* [REQUIRED WORK] Report every line below that holds the word "virtually".

* [DATA SECTION]
┌──
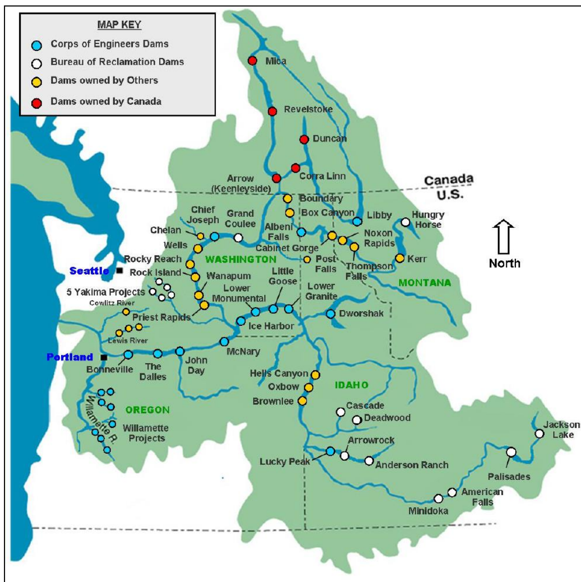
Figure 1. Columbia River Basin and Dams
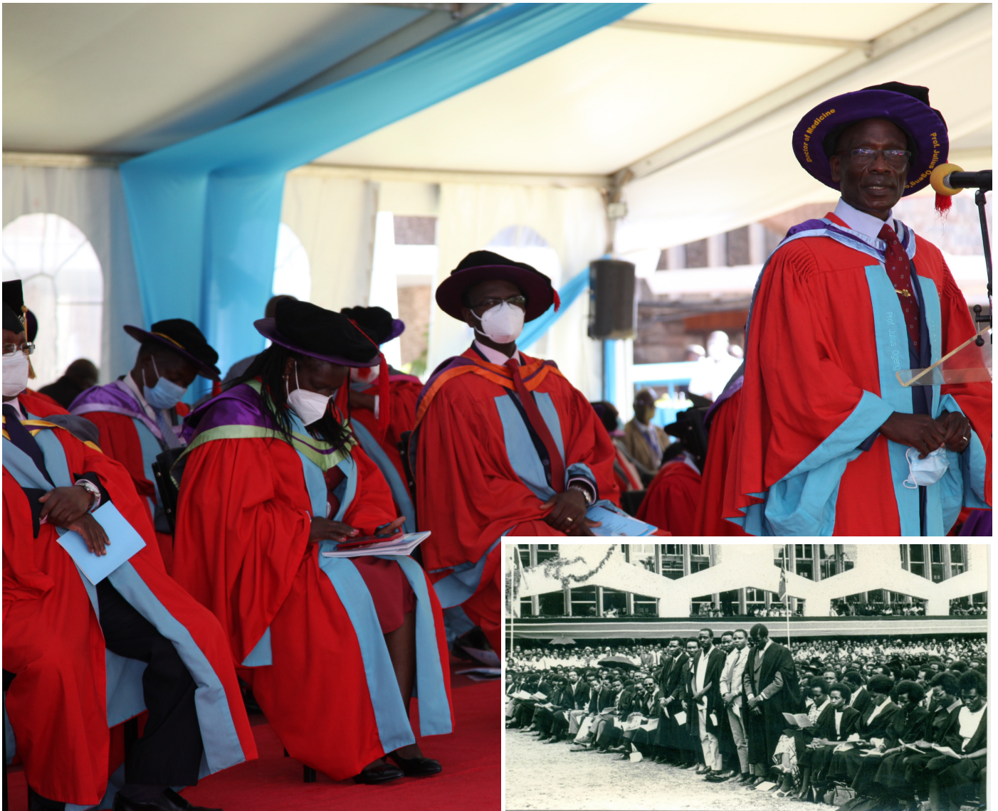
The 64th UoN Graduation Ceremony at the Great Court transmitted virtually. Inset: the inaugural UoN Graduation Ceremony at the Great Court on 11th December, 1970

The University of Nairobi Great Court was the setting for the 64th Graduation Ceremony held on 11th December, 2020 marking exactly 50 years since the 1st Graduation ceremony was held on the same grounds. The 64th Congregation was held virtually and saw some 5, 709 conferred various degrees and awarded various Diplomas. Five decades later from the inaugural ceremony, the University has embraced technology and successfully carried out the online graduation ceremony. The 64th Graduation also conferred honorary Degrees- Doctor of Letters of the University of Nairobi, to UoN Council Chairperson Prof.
└──
* [SOLUTION TO THIS EXERCISE]
The 64th UoN Graduation Ceremony at the Great Court transmitted virtually. Inset: the inaugural UoN Graduation Ceremony at the Great Court on 11th December, 1970
The University of Nairobi Great Court was the setting for the 64th Graduation Ceremony held on 11th December, 2020 marking exactly 50 years since the 1st Graduation ceremony was held on the same grounds. The 64th Congregation was held virtually and saw some 5, 709 conferred various degrees and awarded various Diplomas. Five decades later from the inaugural ceremony, the University has embraced technology and successfully carried out the online graduation ceremony. The 64th Graduation also conferred honorary Degrees- Doctor of Letters of the University of Nairobi, to UoN Council Chairperson Prof.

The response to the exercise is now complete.